After a Swiss corner was cleared, Gilmour calmly took the ball on his chest and cushioned the ball into Andy Robertson‘s path down the left.

The Scotland captain charged forward and found Callum McGregor, who in turn teed up Scott McTominay to fire a deflected effort into the back of the net.

Many would have played it safe and booted the ball to safety in Gilmour’s position, but not the young Ayrshireman.

“He’s extra special, and I couldn’t understand him not starting the first game,” Nevin added. “He showed tonight he’s a fabulous player.

“We’re very fortunate to have him, and I hope he plays in every game we get [in the tournament].”

Parallels to last Euros as Gilmour makes impact

So far, there have been similarities to Scotland’s last Euros campaign.

Gilmour did not make the team for the opening defeat by Czech Republic at Hampden, and was then superb in the goalless draw against England at Wembley.

A bout of Covid then ruled the then Chelsea midfielder out of the Croatia defeat, but there is no global pandemic to deny him this time around.

But if Scotland are to get the win they will need against Hungary on Sunday to give themselves a chance of progressing, they must deliver a similar performance to this.

They way Clarke’s side played against the Swiss was far closer to the Scotland that downed Spain and shocked Norway in the qualifiers.

“They showed greater fight; much more commitment,” former Manchester United and West Ham manager David Moyes said on BBC One.

“That is the real Scotland turning up,” Nevin added. “That is the way we have been playing under Steve Clarke when trying to get into these finals.

“There was a bad feeling the other night that it may be a case of Scotland not turning up at a major tournament, but those players have stood up.”

Gilmour was central to it. He won back possession more than any other Scotland player, and kept things ticking over in midfield, taking the ball in tight spaces and emitting a sense of calm.

“He gives you an option on the ball,” former Scotland midfielder Charlie Adam said on the Football Daily.

“His first thought is the next pass and getting the ball back again.
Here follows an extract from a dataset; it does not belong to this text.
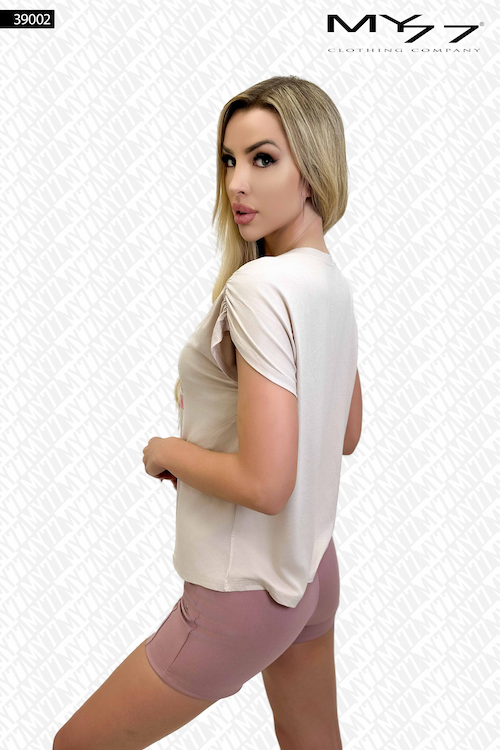 Ez a púderes árnyalatú, rövid ujjú felső a nőiesség és a pozitív életérzés tökéletes megtestesítője. A középen elhelyezett virágminta és motiváló angol nyelvű felirat (“So many beautiful reasons to be happy”) stílusosan emeli ki a felső egyediségét. A finoman húzott vállmegoldás és az ejtett szabás lezser, mégis nőies megjelenést kölcsönöz.

“He’s a very good player for Scotland, and in games like this, when you need players to get on the ball, he’s very comfortable.”

Gilmour himself was not getting carried away by the improved display.

He knows they have to back it up against Hungary, but there was a confidence they can make history by reaching the knockout stages for the first time.

“We gave everything out there,” the 23-year-old said. “We knew we had to bounce back after the last performance and it puts us in a good place.

“We’re a good team. We know our strengths. Tonight was more like a Scotland performance. Getting after the ball, passionate – everything was there.”